Supplied information: Begin

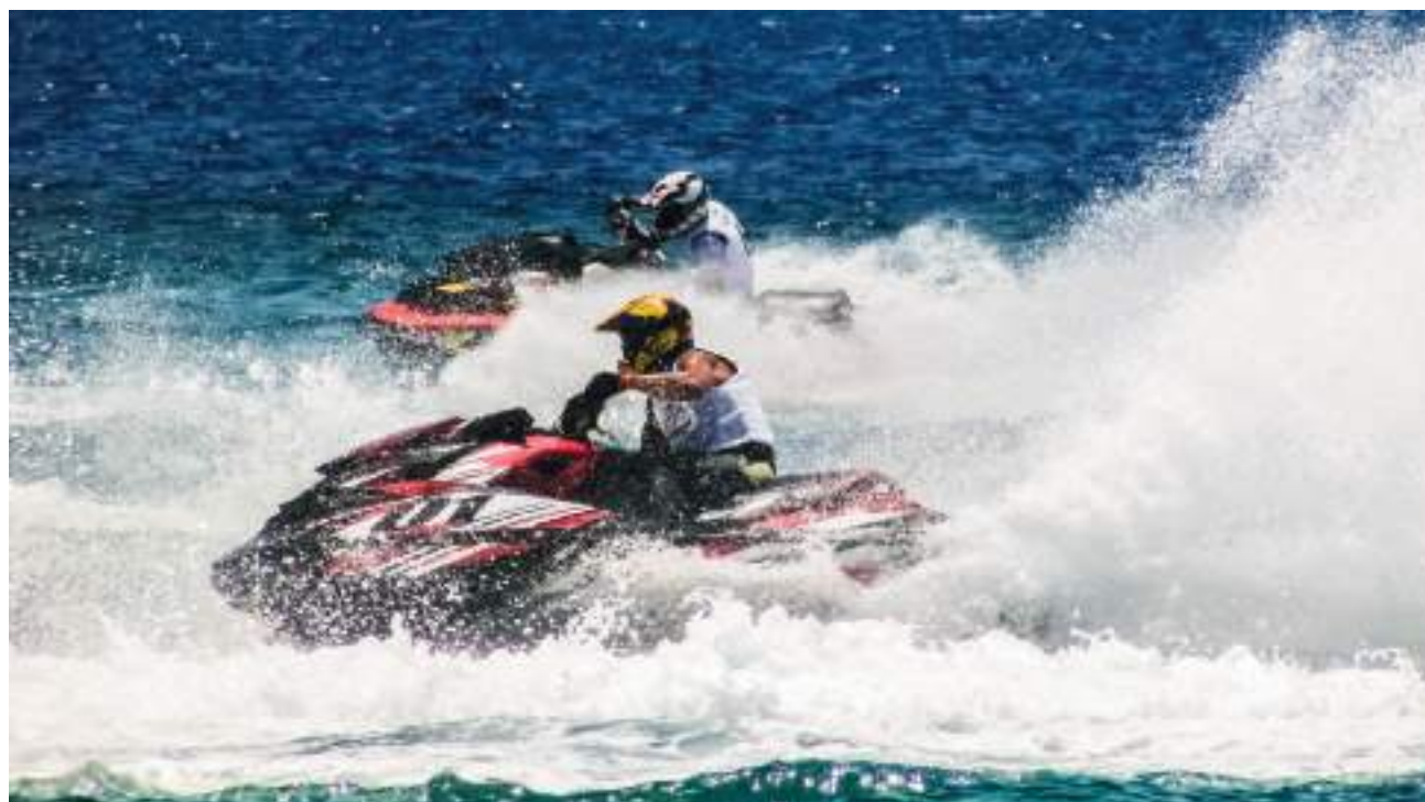
Course de jetski
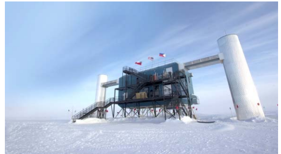
▲南極にあるIceCubeプロジェクト観測所
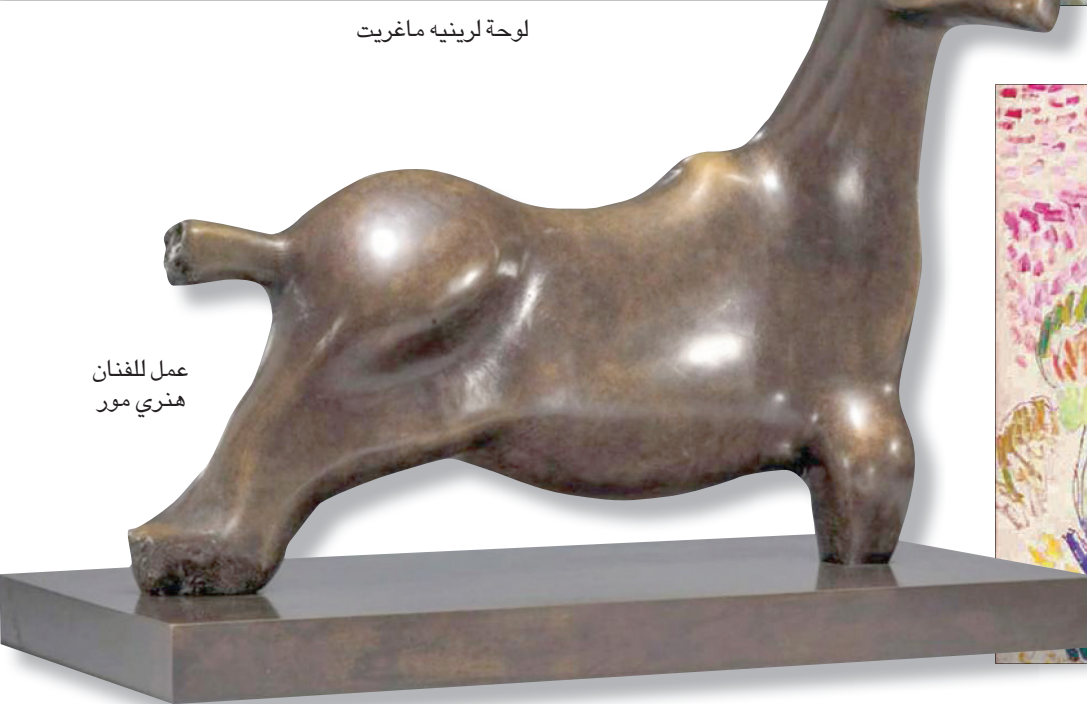
عمل للفنان هنري مور
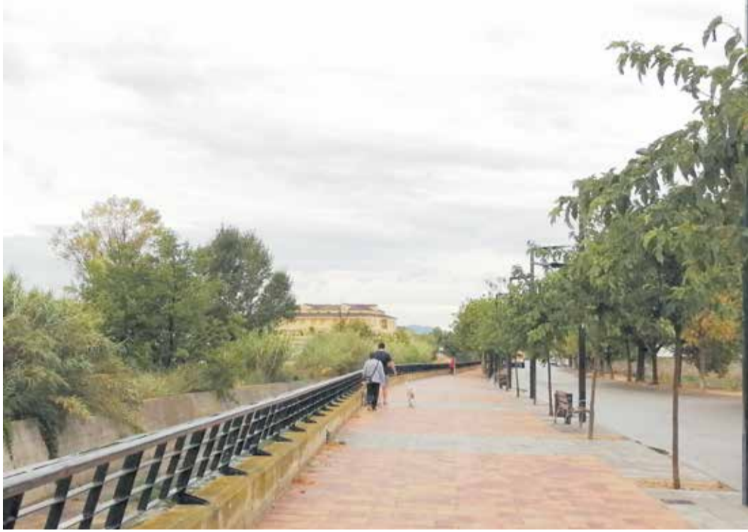
El Paseo del Río Magro es la acción reconocida por la Conselleria.

En concreto Utiel recibía el primer premio en la categoría de municipios de menos de 20.000 habitantes por la recuperación del itinerario peatonal saludable en la zona correspon-
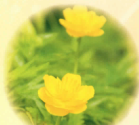
■レブンキンパイソウ 6月中旬～7月中旬
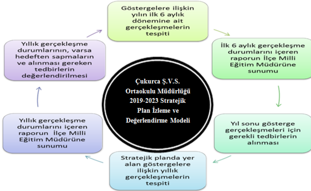
Şekil 1: Çukurca Şehit Veli Selçuk İlk ve Ortaokulu Müdürlüğü 2019-2023 Stratejik Plan İzleme ve Değerlendirme Modeli
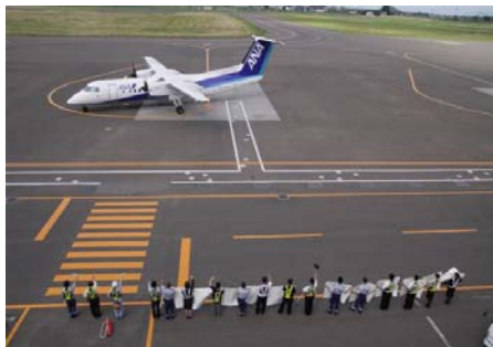
職員に見送られ出発するANA最終便

現在、こうしたことについての課題解決に向け、北海道と札幌市で協議を行っているところです。
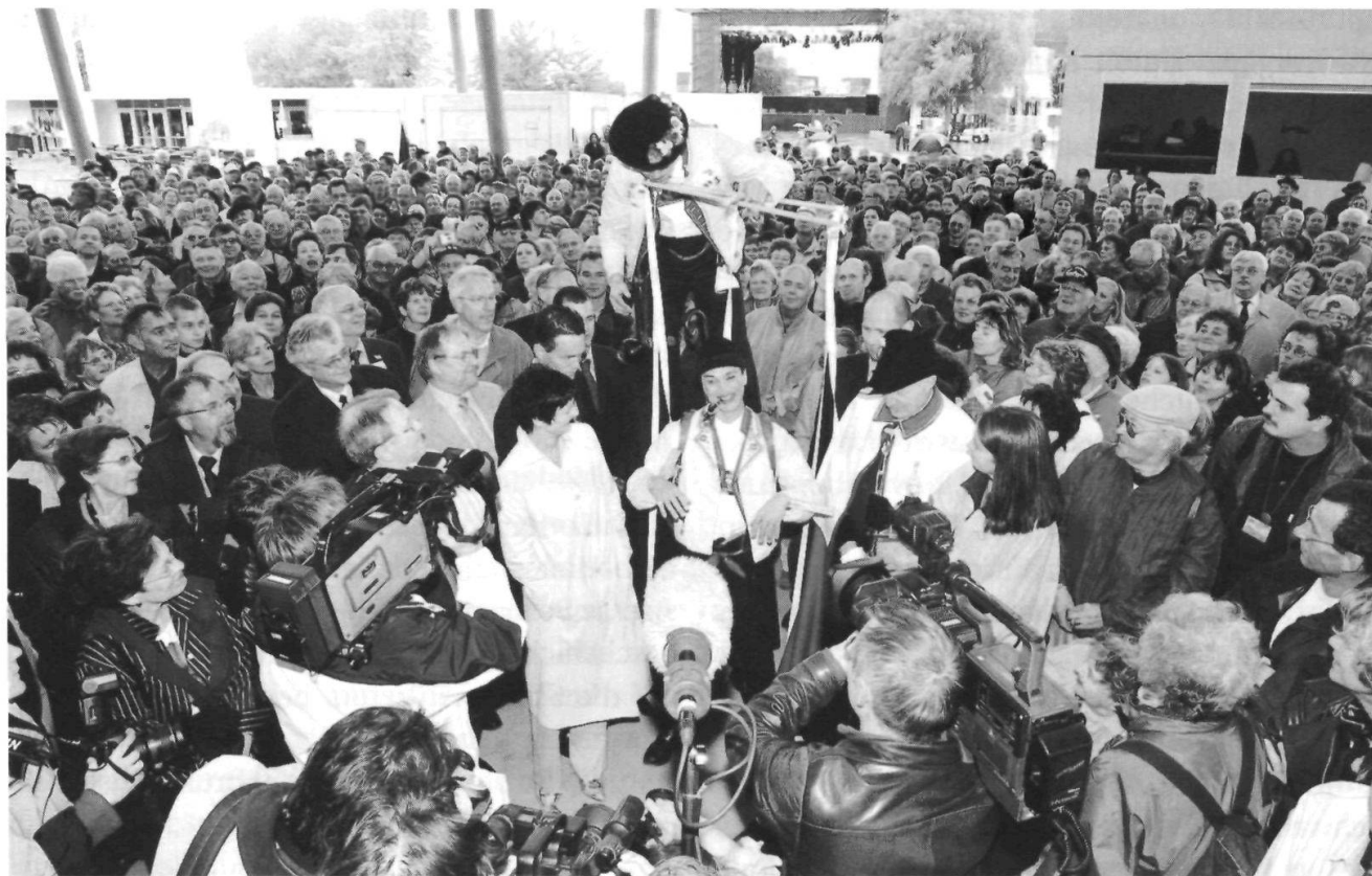
Die Appenzeller kamen am Expo.02-Kantonaltag in Neuenburg gut an.

Eine von der Wirtschaftsförderung Appenzell Innerrhoden herausgegebene Broschüre
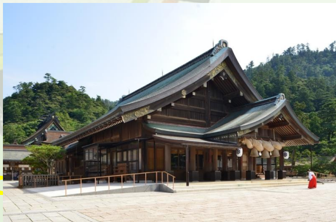
出雲大社 (イメージ)

各地—出雲(昼食)— 出雲大社 (自由参拝/約1時間30分滞在)—各地—備北バス本社19:00頃
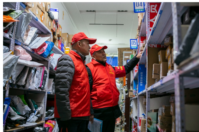
在快递驿站为每个包裹贴上反诈小贴士。
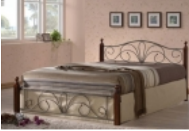
ĐšŃ€Đ¼Đ²Đ°Ń,ŃŒ AT-9181 Onder Metal 160-200 2 965 Đ³Ń€Đ½

Đ“Đ°Đ±Đ°Ń€Đ,Ń,Đ½Ń«Đµ Ń€Đ°Đ-Đ¼ĐµŃ€Ń« Đ°Ń€Đ¼Đ²Đ°Ń,Đ,; Đ'Ń«Ń•Đ¼Ń,Đ° (Ń€Đ°Ń•Ń•Ń,Đ¼Ń•Đ½Đ,Đµ Đ¼Ń, Đ¿Đ¼Đ»Đ° Đ'Đ¼ Ń•Đ°Đ¼Đ¼Đ¹ Đ²ĐµŃ€Ń...Đ½ĐµĐ¹ Ń,Đ¼Ń±Đ°Đ,), Đ¼Đ¼ 1050 Đ"Đ,Ń€Đ,Đ½Đ°, Đ¼Đ¼ 1700 Đ"Đ»Đ,Đ½Đ°, Đ¼Đ¼ 2100 [ĐŸĐ¼Đ'Ń€Đ¼Đ±Đ½ĐµĐµ...]
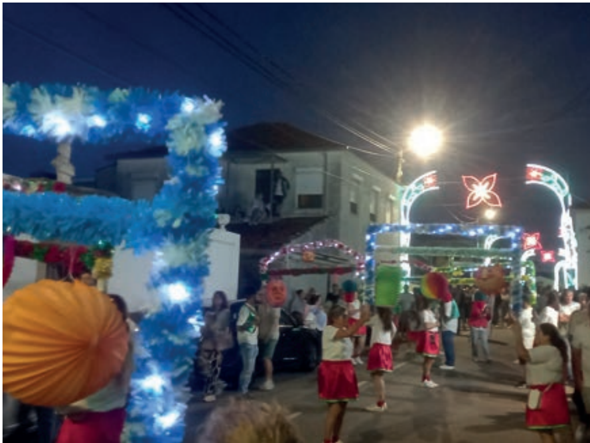
As marchas sanjoaninas animaram o Campo Grande

Ao nível dos espaços disponibilizados, verificamos a presença de roulottes
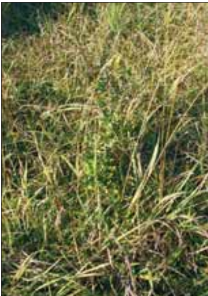
Abb. 28: Neben dem einheimischen Wacholder ( Juniperus communis L.) hat hier auf einem Felsenband ein so genannter Gartenflüchtling, die Cotoneaster , seinen ersten Einwanderungsversuch unternommen. Anscheinend werden die Früchte dieser asiatischen Pflanze nun von unseren einheimischen Vögeln als Nahrung angenommen.

Penibel genau hat Franz Haminger aufgezeichnet, aber nicht wissenschaftlich fundiert, wie er selbst meint. Etwa das Vordringen von Kleinsträuchern wie des Zwergbuchs-Kreuzblümchens ( Polygala chamaebuxus -Abb. 20). Oder das Auftauchen der Fliegenragwurz ( Ophrys insectifera - Abb. 21), im Volksmund „Berg-
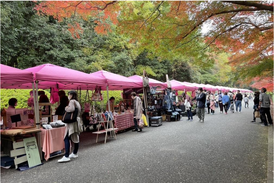
すごいぞ！防府 秋の大イベント(毛利氏庭園)
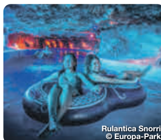
Rulantica Snorri
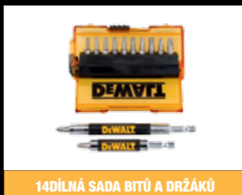
14DÍLNÁ SADA BITŮ A DRŽÁKŮ
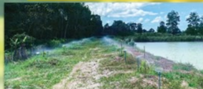
สวน Siam Profruit จ.จันทบุรี (60 ไร่)
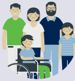
Begleitung der Familien zu Hause
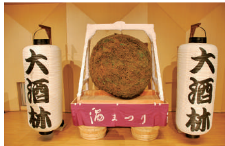
杉玉と大酒林の提灯

杉玉作製は、伝統および技術を継承するということで、今年も北谷大工に教わりながら、酒造協会・実行委員会のメンバーが主体で9月20日～22日に行いました。本年は緊急事態宣言下であり、学生ボランティアの方にはご遠慮いただきました。本来なら5日間かかるのですが、応援も含め人数をかけて作業を行い、3日で完成することができました。杉玉は最終的には市役所正面玄関前に陳列することになりましたが、当初は展示場所がなかなか決まらず、また決まったあとも、設置先の要望による関連業務が多く、色々大変でした。
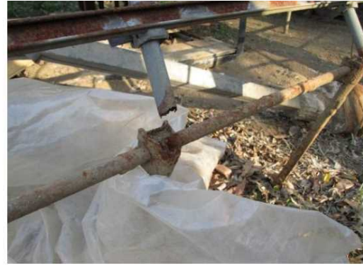
地際部の腐食による折れ
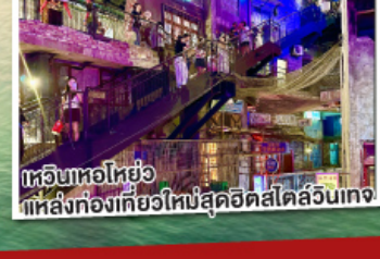
เทวียนหอไหย๋อ แหล่งท่องเที่ยวใหม่สุดฮิตสไตล์ลันเตง
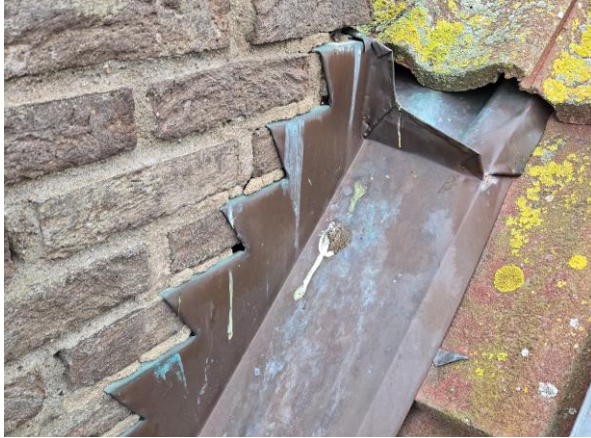
Glipåa mellan skorsten och plåt.
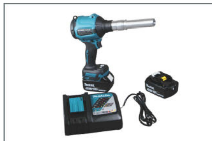
Makita Akkugebläse und TURBO Adapter
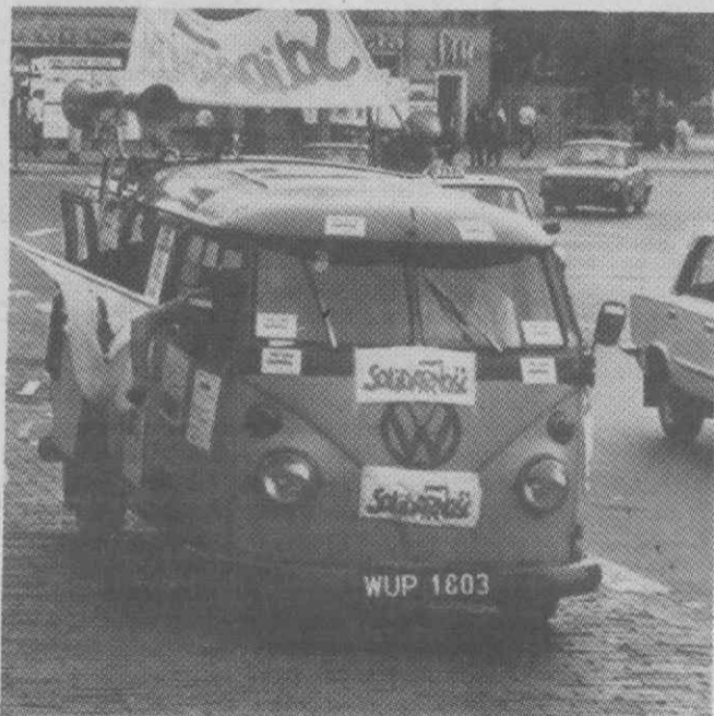
VARSOVIA — Carro de propaganda eleitoral do Solidariedade.

Nesta reunião foi debatida a reforma do sistema do Ensino Básico e Secundário que vai ser implementada em fase experimental a partir de Setembro, em cerca de 70 escolas do país.
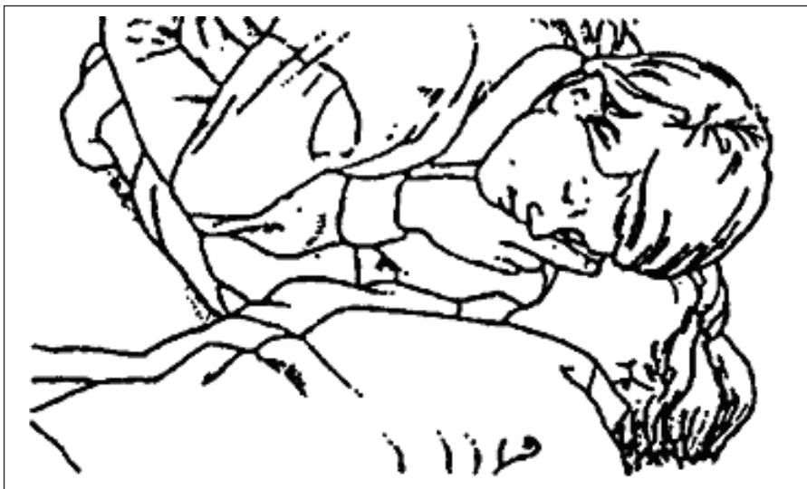
Obr. 1 Kontrola dýchání [čl. 6.2.2.2 b) a příloha B, čl. B.1 odst. e)]

Obrázky uvedené v této příloze názorně představují nejzávažnější akty poskytování první pomoci při úrazu elektrickou energií. V závorkách za názvy jednotlivých obrázků je vždy uvedena pouze jedna z kapitol Pravidel, k níž se vztahují. Popisy aktu poskytování první pomoci znázorněné na obrázcích jsou uvedeny přímo v textu Pravidel.
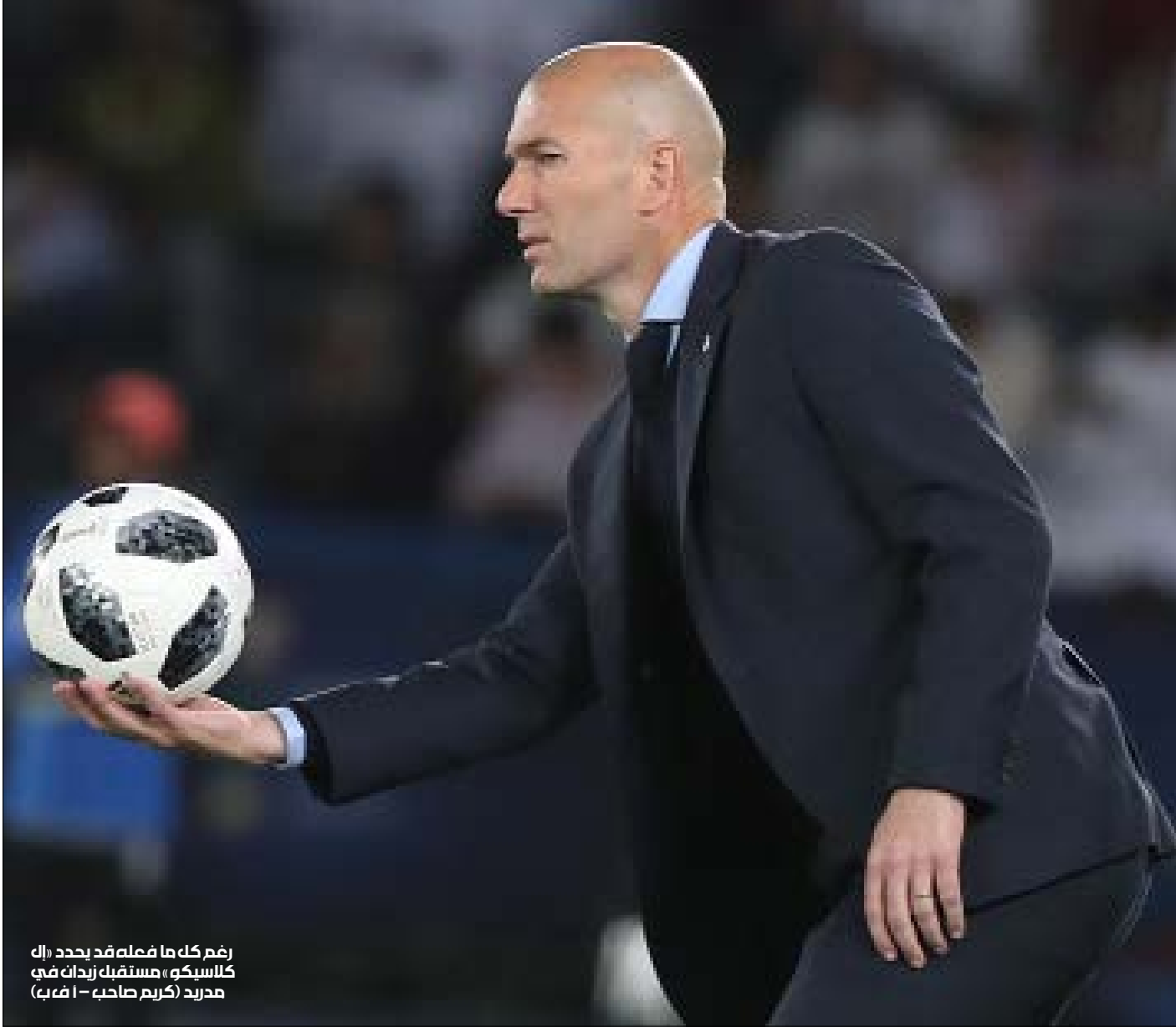
رغم كل ما فعله قد يحدد «إل كلاسيكو» مستقبل زيدان في مدريد

هو أسبوع «إل كلاسيكو»، المباراة التي ستقام في نهاية الأسبوع بدأ الحديث عنها. وسط عناوين كثيرة ستطبع لقاء قطبي كرة القدم الإسبانية، عناوين ستكون مفصلة في تحديد شكل الدوري بعد نهاية الدقائق الـ 90. لا يكفد قد تحدد مستقبل البعض

Supplied information: End

The problem => Each line from the start of the entries to the line holding "Ao nível dos" is to be given again exactly, both ends included, and each picture is to be left out.

Solution to this problem =>
Course de jetski
▲南極にあるIceCubeプロジェクト観測所
عمل للفنان هنري مور
El Paseo del Río Magro es la acción reconocida por la Conselleria.

En concreto Utiel recibía el primer premio en la categoría de municipios de menos de 20.000 habitantes por la recuperación del itinerario peatonal saludable en la zona correspon-
■レブンキンパイソウ 6月中旬～7月中旬
Şekil 1: Çukurca Şehit Veli Selçuk İlk ve Ortaokulu Müdürlüğü 2019-2023 Stratejik Plan İzleme ve Değerlendirme Modeli
職員に見送られ出発するANA最終便

現在、こうしたことについての課題解決に向け、北海道と札幌市で協議を行っているところです。
Die Appenzeller kamen am Expo.02-Kantonaltag in Neuenburg gut an.

Eine von der Wirtschaftsförderung Appenzell Innerrhoden herausgegebene Broschüre
出雲大社 (イメージ)

各地—出雲(昼食)— 出雲大社 (自由参拝/約1時間30分滞在)—各地—備北バス本社19:00頃
在快递驿站为每个包裹贴上反诈小贴士。
ĐšŃ€Đ¼Đ²Đ°Ń,ŃŒ AT-9181 Onder Metal 160-200 2 965 Đ³Ń€Đ½

Đ“Đ°Đ±Đ°Ń€Đ,Ń,Đ½Ń«Đµ Ń€Đ°Đ-Đ¼ĐµŃ€Ń« Đ°Ń€Đ¼Đ²Đ°Ń,Đ,; Đ'Ń«Ń•Đ¼Ń,Đ° (Ń€Đ°Ń•Ń•Ń,Đ¼Ń•Đ½Đ,Đµ Đ¼Ń, Đ¿Đ¼Đ»Đ° Đ'Đ¼ Ń•Đ°Đ¼Đ¼Đ¹ Đ²ĐµŃ€Ń...Đ½ĐµĐ¹ Ń,Đ¼Ń±Đ°Đ,), Đ¼Đ¼ 1050 Đ"Đ,Ń€Đ,Đ½Đ°, Đ¼Đ¼ 1700 Đ"Đ»Đ,Đ½Đ°, Đ¼Đ¼ 2100 [ĐŸĐ¼Đ'Ń€Đ¼Đ±Đ½ĐµĐµ...]
As marchas sanjoaninas animaram o Campo Grande

Ao nível dos espaços disponibilizados, verificamos a presença de roulottes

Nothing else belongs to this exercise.